## AIM OF THE TASK
From the line containing "与电信诈骗、非法贩卖公民信息" to the line containing "在手上轻轻的拍开,水之印被皮" in the records below, set down every line exactly as it stands, both ends included, and skip the pictures.
INPUT DATA below:
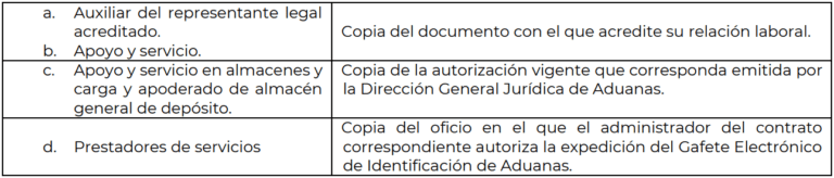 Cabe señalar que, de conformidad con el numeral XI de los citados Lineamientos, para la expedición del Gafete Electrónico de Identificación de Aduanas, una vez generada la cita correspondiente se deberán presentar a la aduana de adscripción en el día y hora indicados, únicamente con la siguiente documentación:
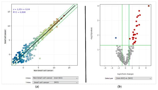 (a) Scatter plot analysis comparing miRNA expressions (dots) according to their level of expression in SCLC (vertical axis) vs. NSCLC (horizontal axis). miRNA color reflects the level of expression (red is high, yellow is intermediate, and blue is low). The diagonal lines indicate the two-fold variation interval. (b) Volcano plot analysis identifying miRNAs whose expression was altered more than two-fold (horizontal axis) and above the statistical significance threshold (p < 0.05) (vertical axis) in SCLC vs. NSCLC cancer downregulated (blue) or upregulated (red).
End of INPUT DATA.
INPUT DATA below:
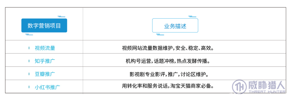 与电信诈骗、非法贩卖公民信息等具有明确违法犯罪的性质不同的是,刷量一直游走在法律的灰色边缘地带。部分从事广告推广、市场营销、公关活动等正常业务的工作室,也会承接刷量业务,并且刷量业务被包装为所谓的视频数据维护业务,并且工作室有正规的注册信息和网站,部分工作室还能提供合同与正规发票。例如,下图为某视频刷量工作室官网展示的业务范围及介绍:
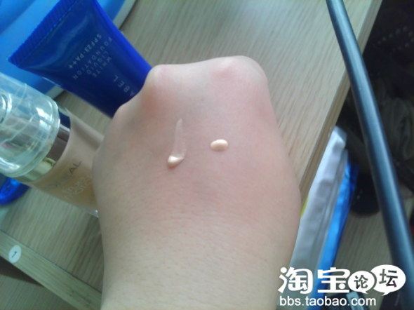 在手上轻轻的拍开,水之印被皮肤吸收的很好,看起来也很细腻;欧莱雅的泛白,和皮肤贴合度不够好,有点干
End of INPUT DATA.
## RESULT BELOW
 与电信诈骗、非法贩卖公民信息等具有明确违法犯罪的性质不同的是,刷量一直游走在法律的灰色边缘地带。部分从事广告推广、市场营销、公关活动等正常业务的工作室,也会承接刷量业务,并且刷量业务被包装为所谓的视频数据维护业务,并且工作室有正规的注册信息和网站,部分工作室还能提供合同与正规发票。例如,下图为某视频刷量工作室官网展示的业务范围及介绍:
 在手上轻轻的拍开,水之印被皮肤吸收的很好,看起来也很细腻;欧莱雅的泛白,和皮肤贴合度不够好,有点干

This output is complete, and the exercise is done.